[Entries provided — start]
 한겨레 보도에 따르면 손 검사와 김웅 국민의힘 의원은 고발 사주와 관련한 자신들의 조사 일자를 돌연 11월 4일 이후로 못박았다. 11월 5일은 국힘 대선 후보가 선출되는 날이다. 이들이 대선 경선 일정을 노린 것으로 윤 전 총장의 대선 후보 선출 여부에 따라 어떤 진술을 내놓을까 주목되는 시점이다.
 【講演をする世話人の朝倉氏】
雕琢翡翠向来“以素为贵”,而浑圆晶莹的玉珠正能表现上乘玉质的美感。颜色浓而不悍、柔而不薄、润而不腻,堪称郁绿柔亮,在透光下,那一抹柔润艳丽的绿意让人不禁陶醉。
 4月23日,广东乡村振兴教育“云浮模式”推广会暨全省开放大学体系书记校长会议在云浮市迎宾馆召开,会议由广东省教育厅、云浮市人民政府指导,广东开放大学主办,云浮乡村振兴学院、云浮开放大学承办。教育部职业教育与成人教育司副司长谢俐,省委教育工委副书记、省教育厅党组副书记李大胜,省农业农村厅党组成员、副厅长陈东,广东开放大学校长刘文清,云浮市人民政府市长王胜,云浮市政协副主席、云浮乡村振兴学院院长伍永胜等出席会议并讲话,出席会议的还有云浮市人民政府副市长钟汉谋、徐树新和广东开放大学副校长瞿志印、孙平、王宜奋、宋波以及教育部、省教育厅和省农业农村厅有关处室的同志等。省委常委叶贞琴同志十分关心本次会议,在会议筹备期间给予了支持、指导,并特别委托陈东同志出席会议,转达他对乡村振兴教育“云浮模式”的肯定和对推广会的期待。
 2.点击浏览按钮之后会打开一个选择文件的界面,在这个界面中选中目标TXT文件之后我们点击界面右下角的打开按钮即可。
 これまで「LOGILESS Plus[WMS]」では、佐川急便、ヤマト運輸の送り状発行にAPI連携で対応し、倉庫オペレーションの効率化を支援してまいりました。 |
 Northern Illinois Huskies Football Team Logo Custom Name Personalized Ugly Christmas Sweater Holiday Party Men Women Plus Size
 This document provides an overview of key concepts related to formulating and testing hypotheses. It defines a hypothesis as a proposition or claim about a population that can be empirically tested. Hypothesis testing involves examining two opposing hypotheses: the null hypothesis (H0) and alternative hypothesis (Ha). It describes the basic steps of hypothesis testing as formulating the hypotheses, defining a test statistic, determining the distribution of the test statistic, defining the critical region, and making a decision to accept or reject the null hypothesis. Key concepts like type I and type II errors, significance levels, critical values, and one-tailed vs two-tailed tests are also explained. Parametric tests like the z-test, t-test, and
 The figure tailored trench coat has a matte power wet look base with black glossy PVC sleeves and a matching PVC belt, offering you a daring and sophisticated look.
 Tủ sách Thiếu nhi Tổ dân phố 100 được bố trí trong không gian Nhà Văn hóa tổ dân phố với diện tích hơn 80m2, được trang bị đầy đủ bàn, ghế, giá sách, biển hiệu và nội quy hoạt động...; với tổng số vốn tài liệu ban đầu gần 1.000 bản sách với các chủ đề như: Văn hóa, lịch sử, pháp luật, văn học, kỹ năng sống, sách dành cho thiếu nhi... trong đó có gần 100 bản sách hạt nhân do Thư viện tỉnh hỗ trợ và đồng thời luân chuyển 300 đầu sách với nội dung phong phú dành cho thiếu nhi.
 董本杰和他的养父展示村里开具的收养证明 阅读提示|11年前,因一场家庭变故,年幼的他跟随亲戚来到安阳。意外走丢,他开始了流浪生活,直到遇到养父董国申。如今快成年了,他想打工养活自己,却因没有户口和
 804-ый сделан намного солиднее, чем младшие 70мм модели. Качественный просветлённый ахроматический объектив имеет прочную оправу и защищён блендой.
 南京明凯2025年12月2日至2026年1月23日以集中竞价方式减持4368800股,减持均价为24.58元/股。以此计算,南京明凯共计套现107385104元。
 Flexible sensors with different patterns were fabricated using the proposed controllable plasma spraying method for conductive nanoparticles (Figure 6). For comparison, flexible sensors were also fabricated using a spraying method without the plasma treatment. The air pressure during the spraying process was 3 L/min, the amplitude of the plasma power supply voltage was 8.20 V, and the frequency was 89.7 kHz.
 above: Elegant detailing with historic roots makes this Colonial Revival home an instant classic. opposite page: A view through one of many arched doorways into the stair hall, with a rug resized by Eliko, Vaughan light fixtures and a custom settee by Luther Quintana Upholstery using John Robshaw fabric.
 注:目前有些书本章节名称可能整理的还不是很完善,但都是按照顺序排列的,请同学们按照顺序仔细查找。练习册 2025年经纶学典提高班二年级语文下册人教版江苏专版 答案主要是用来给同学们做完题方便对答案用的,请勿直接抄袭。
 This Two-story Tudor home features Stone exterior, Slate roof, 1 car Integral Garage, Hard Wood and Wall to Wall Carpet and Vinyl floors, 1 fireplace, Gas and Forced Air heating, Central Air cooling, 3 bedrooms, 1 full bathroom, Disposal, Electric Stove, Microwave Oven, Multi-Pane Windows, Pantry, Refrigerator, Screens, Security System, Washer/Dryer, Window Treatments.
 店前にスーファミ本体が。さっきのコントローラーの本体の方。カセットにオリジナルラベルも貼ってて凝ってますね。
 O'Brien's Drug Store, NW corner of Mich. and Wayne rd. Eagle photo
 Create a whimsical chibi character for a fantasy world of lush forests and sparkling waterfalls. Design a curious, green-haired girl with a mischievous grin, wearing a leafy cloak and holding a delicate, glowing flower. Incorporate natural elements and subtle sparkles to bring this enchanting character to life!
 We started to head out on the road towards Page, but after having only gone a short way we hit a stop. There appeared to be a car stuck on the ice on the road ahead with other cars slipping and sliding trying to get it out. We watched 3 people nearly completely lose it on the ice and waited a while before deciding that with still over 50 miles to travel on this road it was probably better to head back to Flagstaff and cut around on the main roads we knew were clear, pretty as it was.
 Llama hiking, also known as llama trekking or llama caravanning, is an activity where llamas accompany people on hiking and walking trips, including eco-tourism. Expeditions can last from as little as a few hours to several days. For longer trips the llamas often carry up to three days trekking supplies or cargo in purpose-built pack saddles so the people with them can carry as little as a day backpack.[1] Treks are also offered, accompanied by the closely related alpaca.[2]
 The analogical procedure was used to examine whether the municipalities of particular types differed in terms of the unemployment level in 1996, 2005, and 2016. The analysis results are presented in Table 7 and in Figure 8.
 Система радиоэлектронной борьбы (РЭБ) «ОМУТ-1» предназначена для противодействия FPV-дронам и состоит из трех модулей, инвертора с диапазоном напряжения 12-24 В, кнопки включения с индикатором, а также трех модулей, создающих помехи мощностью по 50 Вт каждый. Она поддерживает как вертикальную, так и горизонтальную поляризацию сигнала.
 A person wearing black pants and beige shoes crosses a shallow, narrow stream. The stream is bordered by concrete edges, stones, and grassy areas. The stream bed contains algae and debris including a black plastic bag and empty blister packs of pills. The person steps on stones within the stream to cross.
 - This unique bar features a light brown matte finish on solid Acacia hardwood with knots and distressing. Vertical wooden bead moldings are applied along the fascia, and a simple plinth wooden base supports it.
[Entries provided — finish]
What is being asked -
Retype the records above, but only those lines that fall between the line containing "2.点击浏览按钮之后会打开一" and the line containing "Northern Illinois Huskies", with both of those lines included, exactly as written.

Response to this task -
 2.点击浏览按钮之后会打开一个选择文件的界面,在这个界面中选中目标TXT文件之后我们点击界面右下角的打开按钮即可。
 これまで「LOGILESS Plus[WMS]」では、佐川急便、ヤマト運輸の送り状発行にAPI連携で対応し、倉庫オペレーションの効率化を支援してまいりました。 |
 Northern Illinois Huskies Football Team Logo Custom Name Personalized Ugly Christmas Sweater Holiday Party Men Women Plus Size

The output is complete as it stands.